U.K. Clean Energy Plan Will Boost Consumer Power Bills, RWE Says
Britain needs to replace the fifth of its power generation that is scheduled to retire within 10 years. It’s seeking to tap cleaner sources of energy such as wind and solar, funded by raising the cost of power for consumers. Photographer: Matt Cardy/Getty Images

July 16 (Bloomberg) -- The U.K.’s plan to build new power plants and cut pollution will be the main driver behind a jump of almost 20 percent in bills by the end of the decade, according to the utility RWE AG.

Policies that spur a low-carbon economy such as a tax on emissions and subsidies for renewable energy will cause the average household electricity bill to rise to 1,487 pounds ($2,244) in 2020 from 1,247 pounds now, RWE’s unit operating in Britain said in a report.

The study adds fuel to the debate over the cost of energy in the U.K., where energy suppliers including RWE and SSE Plc garnered criticism from consumer groups such as comparison website uSwitch Ltd. for reporting higher profits as bills increase. Britain needs to replace the fifth of its power generation that is scheduled to retire within 10 years. It’s seeking to tap cleaner sources of energy such as wind and solar, funded by raising the cost of power for consumers.

“Government policy is rightly delivering the transformation we need to address the U.K.’s poor housing stock and encourage investment required in new infrastructure,” said Paul Massara, chief executive officer at RWE Npower Plc. “But achieving these aspirations comes at a cost, and this is what needs to be clearly communicated to consumers.”

Biggest Cause

Massara urged government and energy companies to be clearer about reasons behind bill rises to help consumers curb use, because suppliers control only about 16 percent of a bill.

The costs of policies such as requiring energy companies to improve home efficiency are expected to rise 78 percent by 2020, while upgrading networks to accommodate new low-carbon projects such as wind farms will add a further 114 pounds to bills by that year, a 124 percent increase from 2007, RWE said.

The portion of bills spent on gas and electricity will decline to 35 percent from 45 percent now as policy and network infrastructure take up bigger shares, it said.

RWE’s forecasts are for a greater rise in household energy bills than the government predicts. The Department of Energy and Climate Change said in March that the average consumer bill for power and gas will rise 6 percent to 1,331 pounds in 2020 from about 1,255 pounds this year, excluding inflation.

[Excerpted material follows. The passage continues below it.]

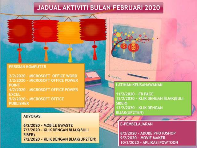 JADUAL AKTIVITI BULAN NOVEMBER 2019 TARIKH AKTIVITI TEMPAT 6/11/2019 PENGENALAN KOMPUTER+KUIZ BILIK LATIHAN PI1M KG PANTAI 6/11/2019 BENGKEL MICROSOFT OFFICE EXCEL BILIK LATIHAN PI1M KG PANTAI 6/11/2019 PENGENALAN ADOBE PHOTOSHOP BILIK LATIHAN PI1M KG PANTAI 8/11/2019 ASAS PENGENALAN BLOG (USAHAWAN) BILIK LATIHAN […]

The government predicts that the annual 286-pound cost of renewable energy subsidies in 2020 will be outweighed by 452 pounds worth of savings created by policies to make electrical products more efficient, insulate homes and install more efficient boilers and smart meters to monitor energy use.

Gas Prices

RWE said DECC’s figures hinge on “ambitious” energy efficiency targets being achieved curbing consumer use. The figures in the RWE report assume energy use doesn’t decrease.

“We actually think people will start saving,” with the introduction of measures such as smart meters enabling consumers to monitor power use, Massara said today at a conference. “Whether they get to the levels DECC say, we don’t know.”

Greg Barker, the government minister for energy and climate change, said it’s global gas prices and not green energy policies that have the biggest impact on power bills.

“That is why it is vital we crack on with securing investment in a diverse energy mix that includes renewables and new nuclear, as well as gas,” Barker said in a statement.

Government policies are keeping bills 65 pounds lower today than if no action was taken. They will be 166 pounds lower than they would be in 2020 as a result of its regulation, he said.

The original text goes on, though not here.